From: Phil Hindmoor <philip.hindmoor_at_totalise.co.uk>
Date: 23 Jan 2004 00:21:31 -0800
Message-ID: <34549db9.0401230021.7718c5b5_at_posting.google.com>


Hi,
  I am sure if anyone can help me, you guys can!

  I am an Informix Developer, moving to Oracle 8i and later databases. I am struggling to find the Oracle equivelant to many of the useful Informix features that I have come to rely upon.

  I have looked through the Oracle/Infomix groups and some helpful users have posted some solutions, but many of them seem to be very complex work-arounds for features that were readily available in Informix.

  Let me give you some examples:

  1. We regularly used the Informix LOAD FROM and UNLOAD TO statments e.g.

    UNLOAD TO '/tmp/orderdata.unl'
    SELECT * FROM ORDER

    WHERE val > 100000;

    There does not seem to be an easy way to do this in Oracle. Am I missing something ( I am sure the answer to that is "Yes"! )

  2) Informix has a serial data type, so if you had a primary key that you would like to auto-increment, you declare it as serial, all done.
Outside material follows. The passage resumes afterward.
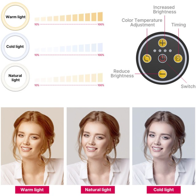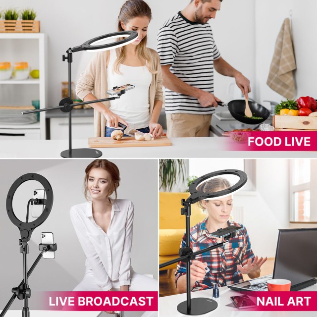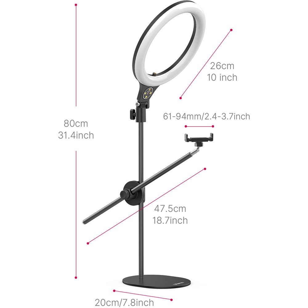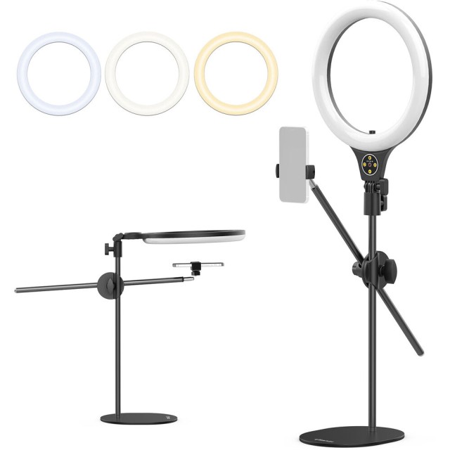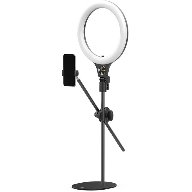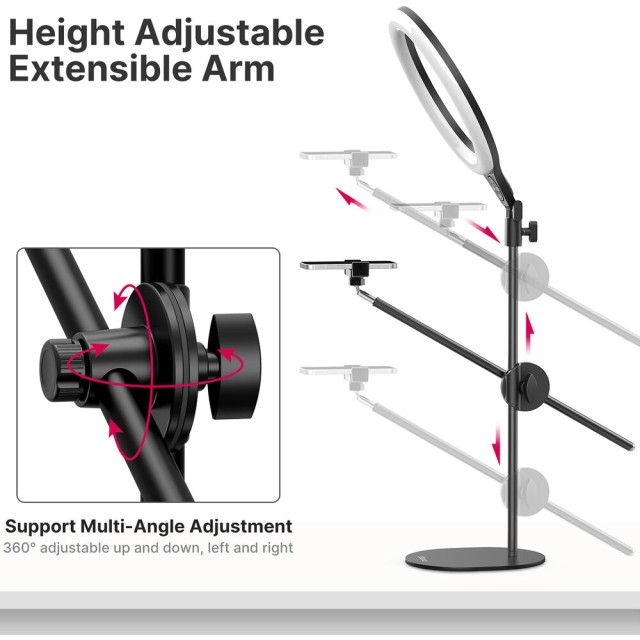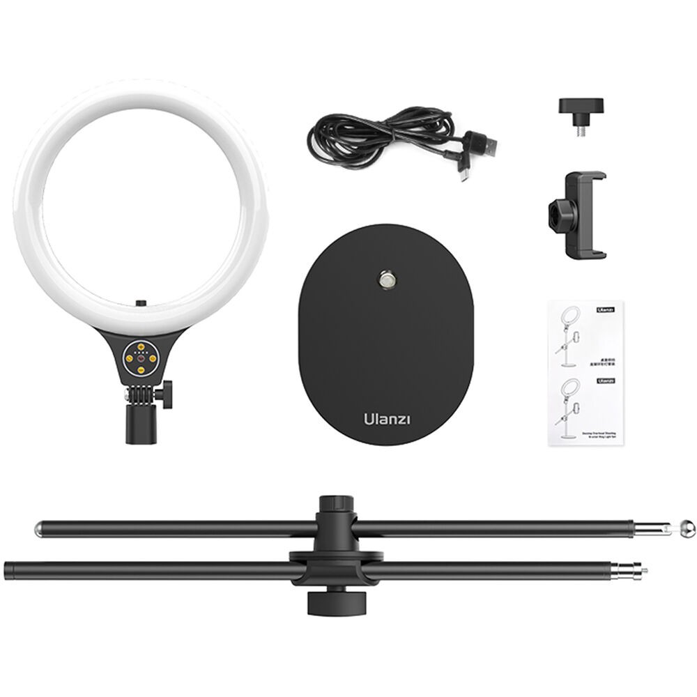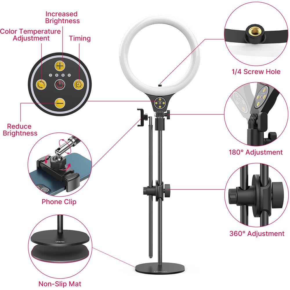 El kit de anillo de luz con soporte de montaje superior para escritorio Ulanzi T1 permite a los creadores iluminar y grabar objetos desde arriba con precisión y flexibilidad. Su luz circular LED de 10 pulgadas ofrece una temperatura de color ajustable de 3500 K (cálida) a 6500 K (luz diurna) y 11 niveles de brillo, lo que garantiza una iluminación óptima para diversos escenarios. El soporte se puede extender hasta 32 pulgadas y está equipado con dos varillas de soporte ajustables de forma independiente para la luz y el smartphone, cada una de las cuales se puede inclinar y girar 360° para una colocación precisa.
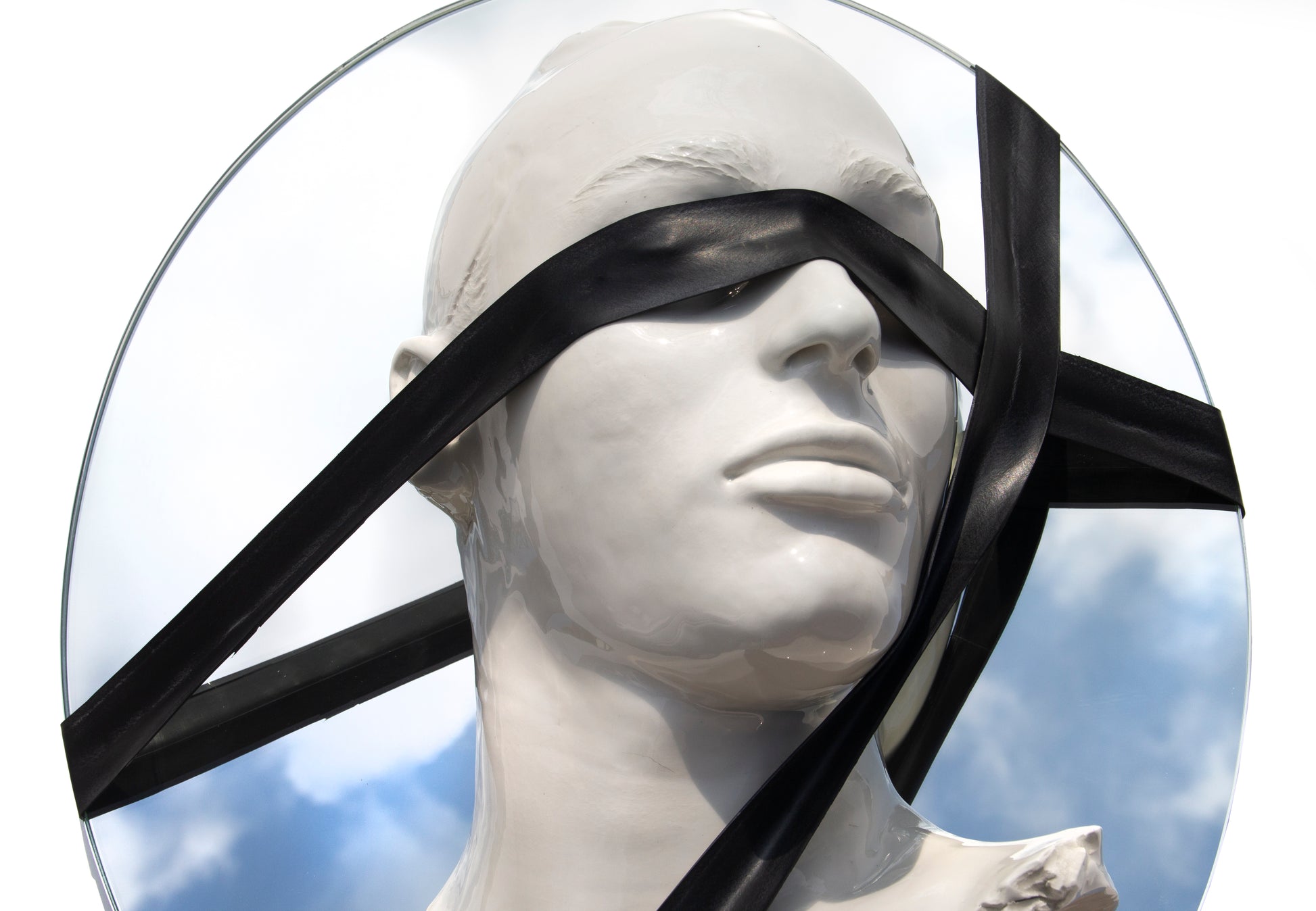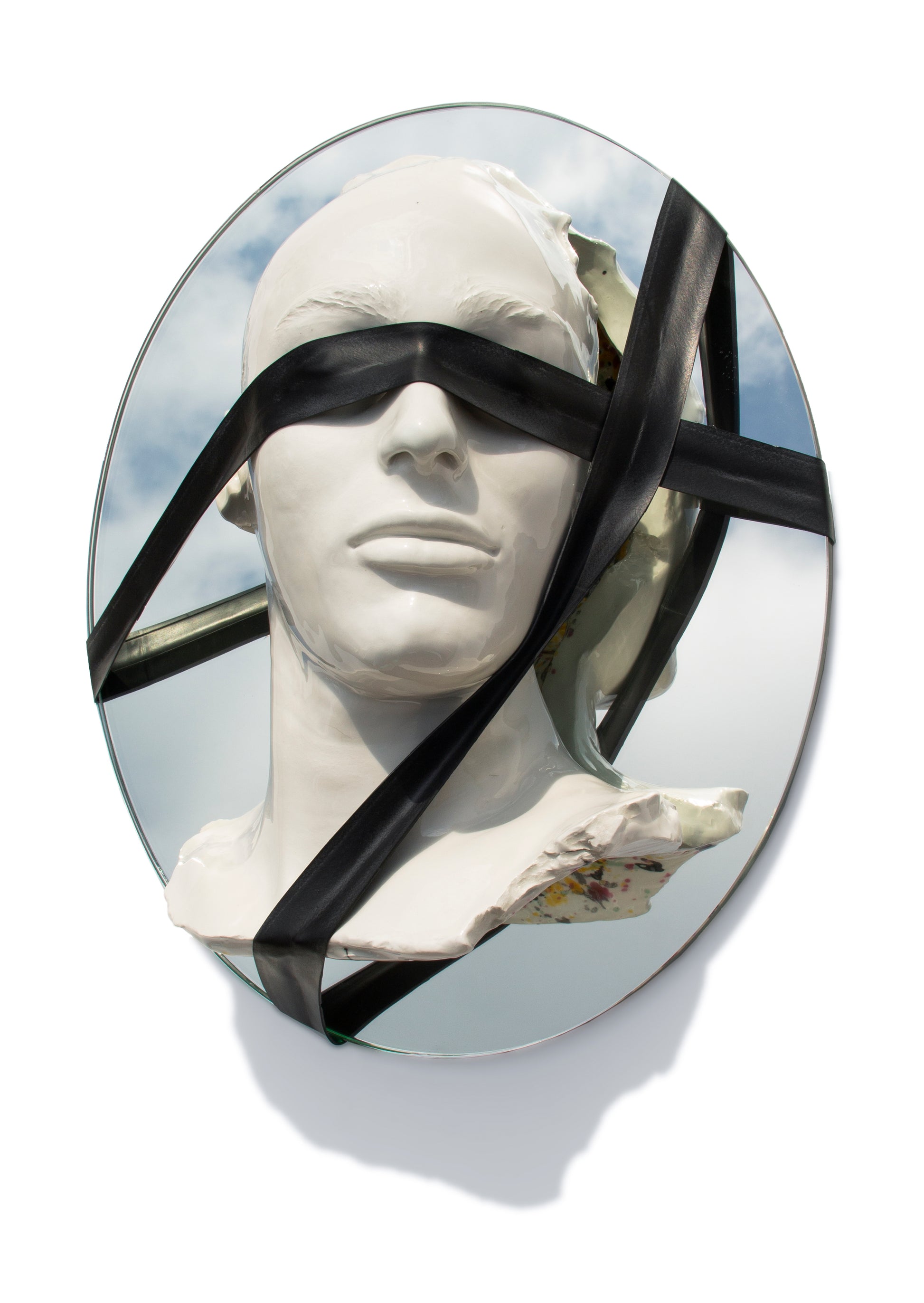 Serie Vaciados, 43 x 37 x 16 cm., cerámica esmaltada, goma y espejo.

I searched groups and the solution seems to be to create a sequence and on insert triggers. Seems a long workaround to me. Is this really the recommended way of implementing this behavior in Oracle?

    If, during testing, you wish to unload some of the tables to file and reload them when the tables have been dropped and re-created, it seems to be a struggle, as the sequence will generate new key values for all the records on insert, and referential integrity is broken. Informix's serial datatype does not have a problem with this, if you insert a row with a specific value into a serial column, and the value is unique, it inserts that value rather than a new serial value, so loading old data back into the table is not a problem, integrity in maintained.

  3) Any user other than the table owner must prefix the table name in queries with the owner name, e.g. DEVUSER.ORDER. Why is this? Would any sensible database design allow for two identically named tables in the same schema, but with different owners? I do appreciate that synonyms can be created to work around this, but again this seems to be a workaround for a problem that just creates extra hassle and no benefit.

  I am sure you guys can help me out with this stuff, it would make my professional life a hell of a lot easier if I felt with Oracle, like I did with Informix, that I am being assisted by the database, not that it is my greatest enemy to hitting deadlines.